O embate entre indústria de entretenimento e indústria de informática tende a se aprofundar à medida em que o debate em torno do ACTA for ganhando músculos e publicidade. Pela sua importância, esse debate tende a ganhar espaço crescente na agenda política mundial  – não só para essas duas indústrias mas para a livre circulação dos bens simbólicos e para o desenvolvimento da produção cultural mundial, que no mundo digital é cada vez mais uma produção de remixagem.

www.laquadrature.net/en/acta-partial-transparency-isnt-legitimacy
http://diplo.org.br/Dossie-ACTA-para-desvendar-a#nb7

UM RESUMO DO ACTA
Segundo a EFF
A Fundação da Fronteira Eletrônica, conhecida nos Estados Unidos pela sigla em inglês EFF, fez uma pequena relação das normas básicas propostas pelo ACTA, que a entidade considera uma lei de direitos autorais e não uma lei contra a pirataria (ou a contrafação, como quer o nome oficial do acordo). O resumo das normas, que seriam idealmente aplicadas a todo o planeta, é este:
•    provedores de acesso internet (ISPs, na sigla em inglês) seriam obrigados a desconectar usuários acusados, mas não condenados por repetidas violações de direitos autorais;
•    ISPs ficariam obrigados também a revelar a identidade de seus assinantes para proprietários de direitos autorais, sem nenhum processo ou supervisão judicial;
•    para obedecer essas ordens, os provedores deveriam fazer modificações potencialmente muito caras em suas redes, de forma a impedir a violação de direito autoral;
•    o congresso dos Estados Unidos ficaria proibido de reformar o Digital Millennium Copyright Act (DMCA ou Lei de Direitos Autorais do Milênio Digital), que criminaliza a quebra de proteção de produtos protegidos por direitos autorais mesmo quando a cópia é perfeitamente legal;
•    todos os países seriam obrigados a implementar legislação igual ao DMCA, sem o benefício do uso justo ou de outras exceções legais que permitem um mínimo de proteção à liberdade de expressão;
•    ameaça inovadores potenciais com multas financeiras ultrajantes por violação de direitos autorais; e
•    criminaliza até usos não-comerciais de materiais protegidos por direitos autorais.

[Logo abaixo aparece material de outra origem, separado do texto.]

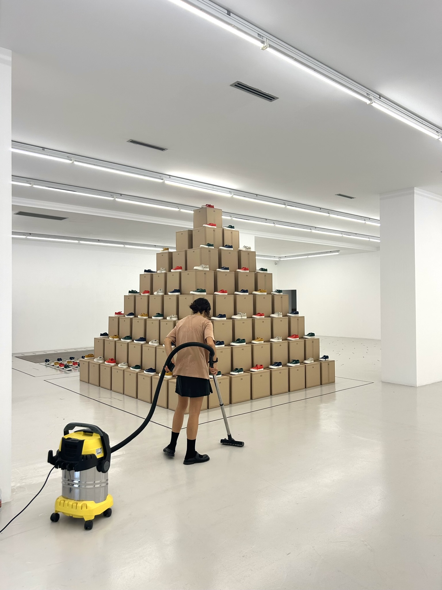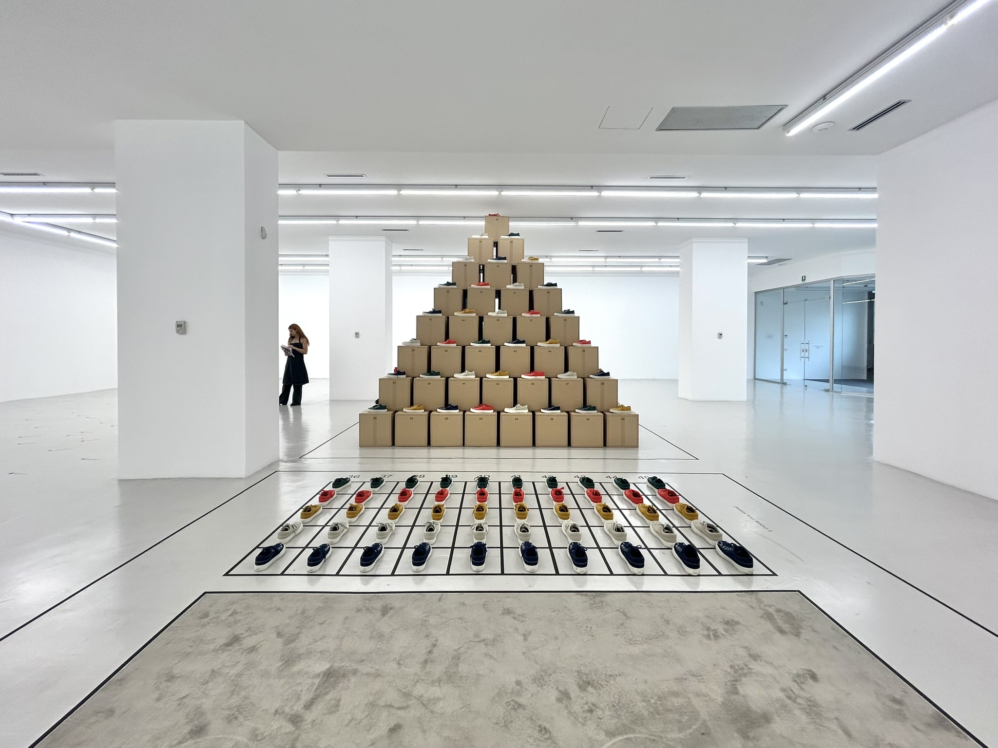Hosted by Milan contemporary art gallery Cassina Projects, the Milan Fashion Week installation featured a large pyramid made of recycled cardboard boxes, with Sunnei x Camper’s ForOne sneaker collection interspersed across levels. The footwear is 100 per cent symmetrical, meaning each shoe can be worn on the left or right foot, a unique quality that Ab(Normal)’s installation highlights through clear geometries. In red, white, yellow, green and blue, the sneakers provided a colourful contrast to the otherwise-empty all-white room and beige pyramid. A two-day event utilized this scene as a backdrop, inviting visitors to take part in a game-cum-experiment. Dots punctuating the ground were labelled with ‘No Left’ and ‘No Right’, prompting people to create their own choreographed path through the space and ultimately try the shoes on. Grid drawings referencing Hopscotch served as outlines on the floor.
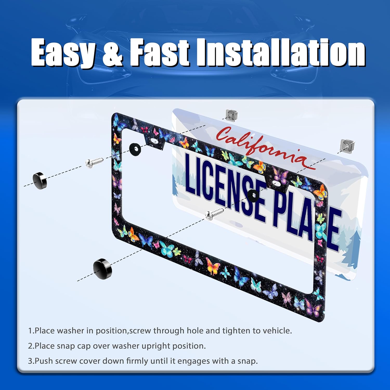 Beautiful Butterfly License Plate Frame Watercolor License Plate Stainless Steel Colorful License Plate Holder Car Accessory with Screws Car Decoration 12.3" x 6.3" Fits Standard Vehicles Size
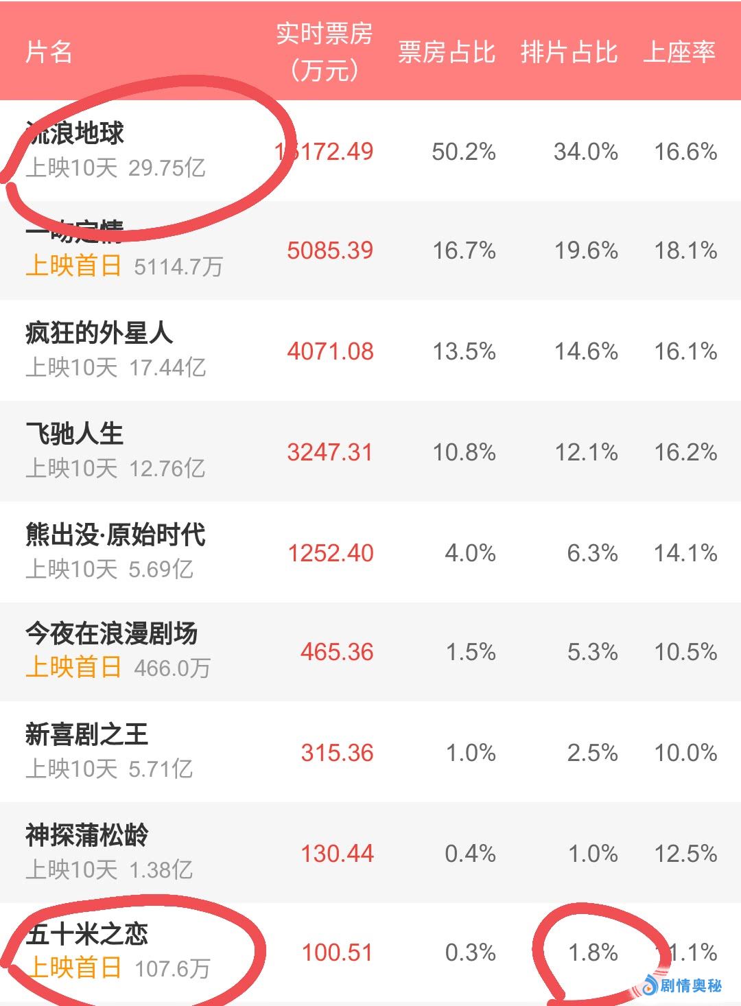 令人尴尬的是,《五十米之恋》刚上映就连遭重击,排片受到严重挤压,截至发稿时,仅剩1.8%,票房更是刚破100万。
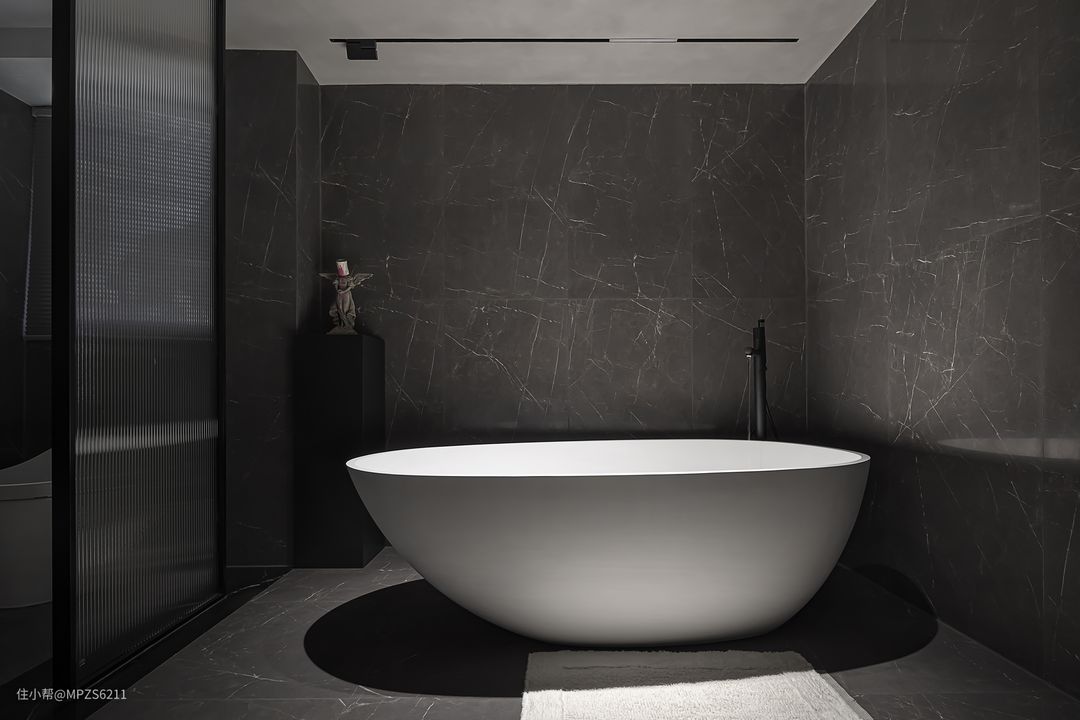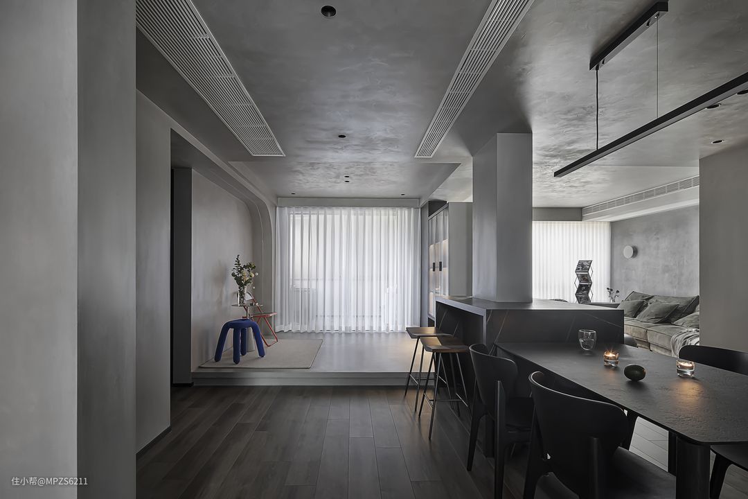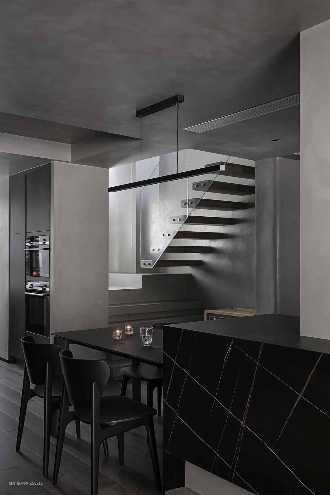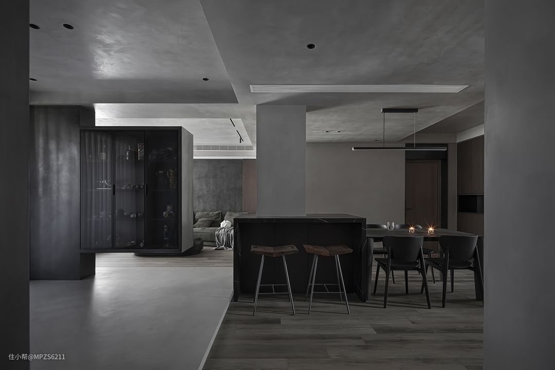 深灰调的大理石墙砖围饰出主空间的范围,无修饰无冗余的强线条感之间,营造极致的工业风之感。
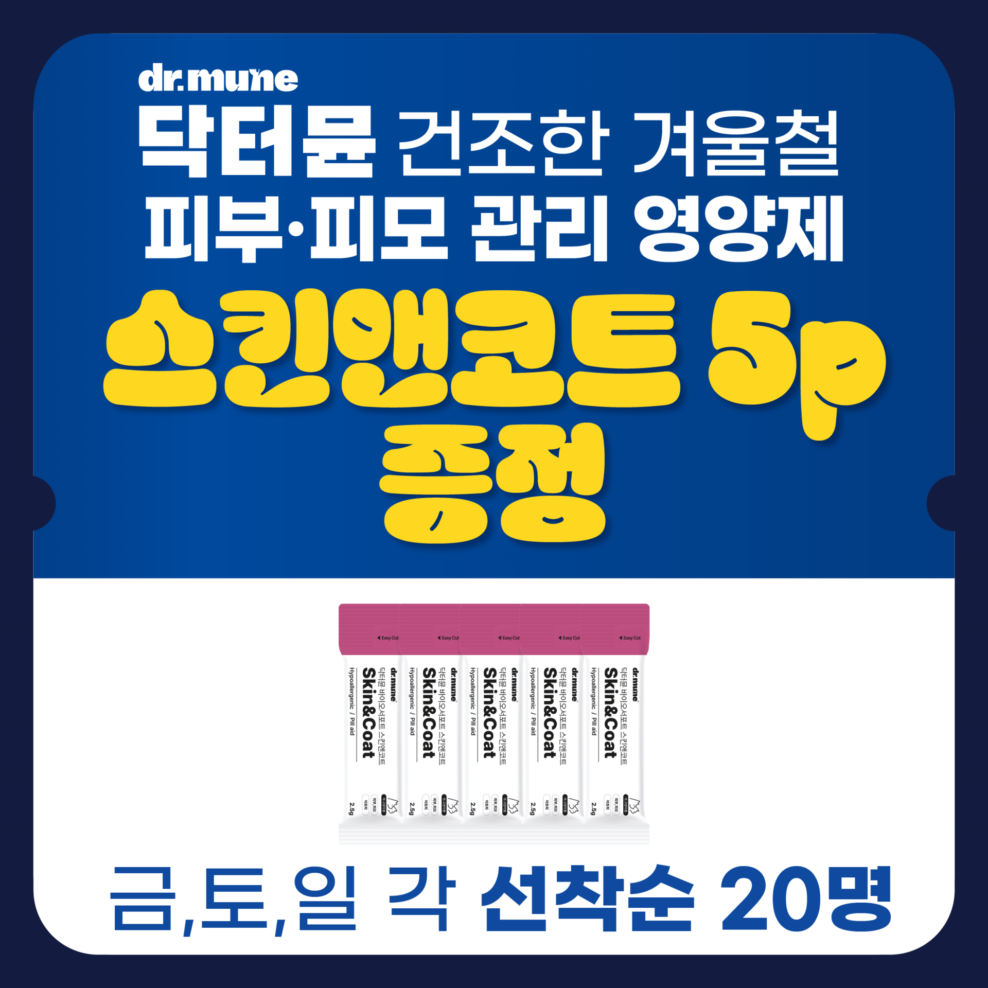 ▶ 스마트스토어 알림받기 시 매일 선착순 20명 탁터뮨 스킨앤코트 5P 증정

Segundo a Quadrature du Net
A organização La Quadrature du Net, principal iniciativa francesa em defesa da liberdade na rede, acha que o ACTA poderá:
•    transformar os provedores de internet em uma polícia privada, obrigando-os a vigiar seus usuários e a denunciar suspeitas de violação de direitos de autor;
•    impor sanções duras e injustas aos usuários e consumidores de bens culturais;
•    impedir o acesso a medicamentos genéricos ou a seus componentes essenciais por países não desenvolvidos;
•     impedir a inovação, ao dificultar o acesso a bens de propriedade intelectual; e
•    estabelecer uma nova forma de governança mundial, antidemocrática, ao evitar o debate nos parlamentos e em instituições multilaterais internacionais.

TRIPS
Trade-related intellectual property rights, um acordo sobre aspectos comerciais dos direitos de propriedade intelectual.